6 Tier-1 suppliers under Magyar Suzuki
From October 2019 to January 2020, we conducted in-depth interviews with four of Magyar Suzuki's Tier-1 suppliers (Table 3).
Overview of interviewed Tier-1 suppliers in Hungary, 2019–2020
Firm | Est. year | Ownership | Size | No. of workers | Main products | Suppliers (Hungary) | Export/production (%) | Product contract | R&D |
A | 1997 | Japan | Large | 4,800 | Thermal, Powertrain & Electrification Systems | 87 firms (14 firms) | 90 | D.A. (100%) | Minor |
B | 2007 | Japan | Medium | 200 | Tubes | 50 firms (15% in value) | 75 | D.S. (100%) | None |
C | 1896 | Hungary | Large | 2,000 | Axles, Components (seats etc), & Special Vehicles | Special Vehicles: (LC ratio:20–30%), Axles & Components: (small number) | Axles: 86 Components: 44 | Axles: D.A. (30%) & D.S. (70%) Components: D.S. (100%) | Axles only |
D | 1993 | Hungary | Medium | 140 | Press parts | 10 firms (15% in value) | 2 | D.S. (100%) | None |
Note: D.A.: Drawing approval method, D.S.: Drawing supplied method.

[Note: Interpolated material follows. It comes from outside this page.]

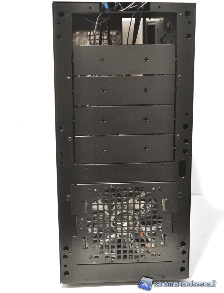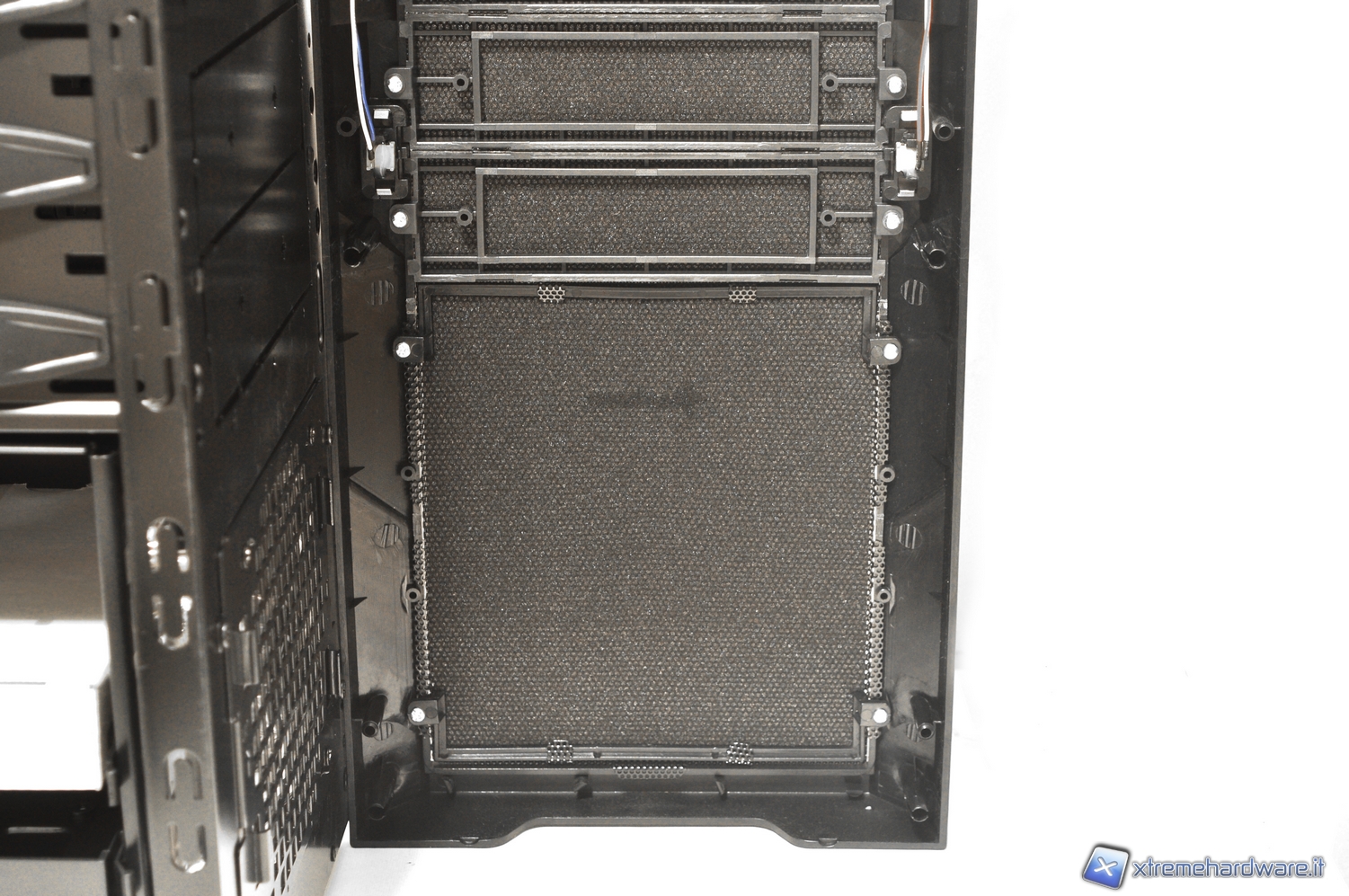 Togliendo, con una leggere trazione, la maschera frontale, possiamo notare meglio nella parte alta i copri-slot da 5.25’’ ed in basso la ventola da 120mm. Notare come il filtro antipolvere della ventola non è collocato nella struttura del case, bensì nella paratia rimuovibile. Analogamente tutti i copri slot mesh, sono dotati internamente di filtro antipolvere.

Firm A is a typical global mega-supplier,12 established as a Hungarian affiliate of a Japanese multinational firm in 1997, employing approximately 4,800 people in 2019. Firm A supplies its products to many leading OEMs including Magyar Suzuki, Toyota, VW, BMW, PSA, Ford, etc., accounting for €745 million in sales in 2018. The operation of Firm A is based on export-oriented production. Indeed, its sales in Hungary accounted for only 10% of its business. In relation to product contract, Firm A supplies its products based only on the drawing approval method. Firm A deals with 87 (Tier-2) suppliers globally. Of the 87 firms, 83 are located in Europe (14 firms in Hungary) and four firms are located in Asia. Firm A has been trying to enhance local content in Hungary by assisting local firms in relation to production, technology, management (including mind-setting), marketing, and even finance (when suppliers face a cashflow problem). For instance, with Firm A's support, one of the local suppliers in Hungary successfully developed its business and increased employees from 20 to 300 workers. In this respect, the role of mega-supplier (Firm A) is also important for upgrading the local firms. With regard to R&D activity, major R&D operations are conducted in Japan and some small R&D activities take place in Firm A.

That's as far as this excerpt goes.